Jeffrey Sax has correctly identified the basic issue - loss of precision from combining terms that are (much) larger than the final result.
The suggested rewriting eliminates part of the problem - apparently sufficient for the actual case, given the happy response.
You may find, however, that if the polygon becomes again (much) smaller and/or farther away from the origin, inaccuracy will show up again. In the rewritten formula the terms are still quite a bit larger than their difference.
Furthermore, there's another 'combining-large&comparable-numbers-with-different-signs'-issue in the algorithm.
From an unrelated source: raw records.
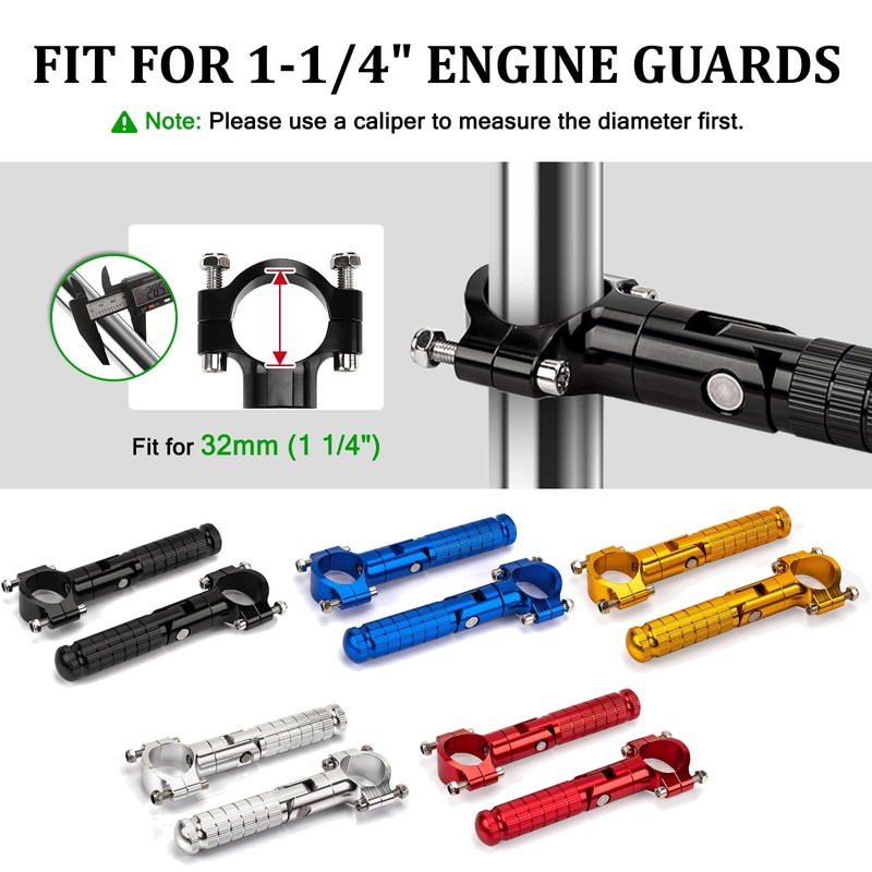 - Easy Installtion: These highway pegs clamp directly onto 1-1/4" engine guards with the included mounting hardware. Simple bolt-on installation with an adjustable angle to match your preferred riding posture
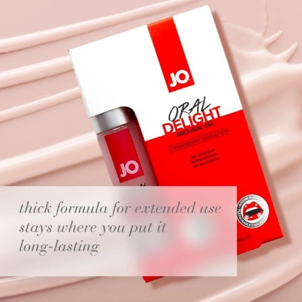 Jo Oral Delight Strawberry 30ml. Take your intimacy to an entirely new level with this delicious strawberry flavor and tingle sensation. The joy of giving and receiving! Add a playful twist to giving and receiving with Oral Delight. This gel offers a cooling sensation to enhance oral pleasure and delivers delicious lip-smacking flavors.
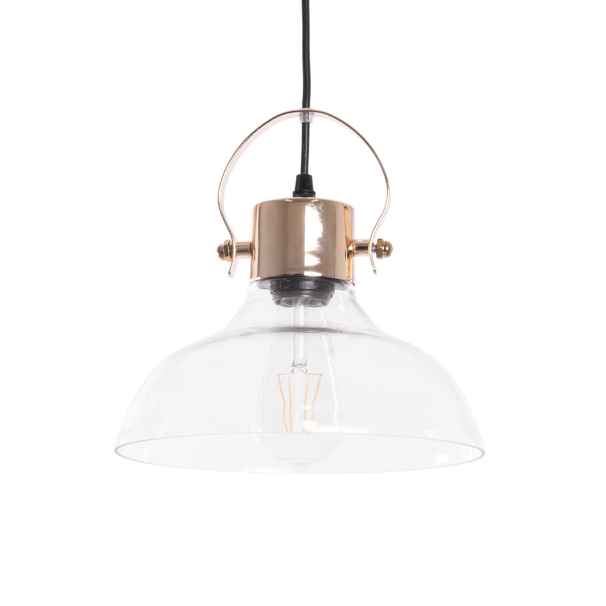 GLOBOSTAR® JAVER 00933 Vintage Κρεμαστό Φωτιστικό Οροφής με Ντουί 1 x E27 AC 220-240V IP20 – Διάφανο & Ροζ Χρυσό – Μ24.5 x Π24.5 x Υ25cm
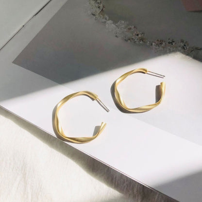 Women's earrings. It's a silver 925 material that has little allergic reaction and goes well with a feminine look. Mat Gold Ring Earrings Gift Korean jewelry Accessories
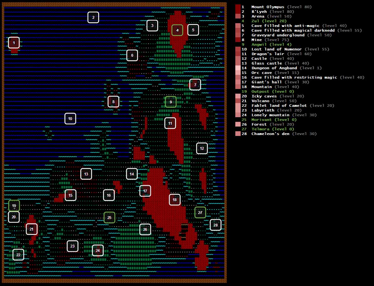 >>150 Z-Angband, открытый мир, реки, озера, руины, лагеря орков, троллей, подземелья с артефактами, различной степени сложности, лавовые и кислотные озера есть. Города с гильдиями и разными унылыми квестами. Или FAAngband, более линейные локации разных типов. Можно начинать сразу с высокоуровневых, в зависимости от расы. Дают на выбор пару особых трейтов в начале, и вроде после убийства стражей.

The various 'sc' values in subsequent cycles of the iteration over the edges of the polygon effectively combine into a final number that is (much) smaller than the individual sc(i) are. (if you have a convex polygon you will find that there is one contiguous sequence of positive values, and one contiguous sequence of negative values, in non-convex polygons the negatives and positives may be intertwined).
What the algorithm is doing, effectively, is computing the area of the polygon by adding areas of triangles spanned by the edges and the origin, where some of the terms are negative (whenever an edge is traversed clockwise, viewing it from the origin) and some positive (anti-clockwise walk over the edge).
You get rid of ALL the loss-of-precision issues by defining the origin at one of the polygon's corners, say (lx,ly) and then adding the triangle-surfaces spanned by the edges and that corner (so: transforming lon to (lon-lx) and latp to (latp-ly) - with the additional bonus that you need to process two triangles less, because obviously the edges that link to the chosen origin-corner yield zero surfaces.
For the area-part that's all. For the centroid-part, you will of course have to "transform back" the result to the original frame, i.e. adding (lx,ly) at the end.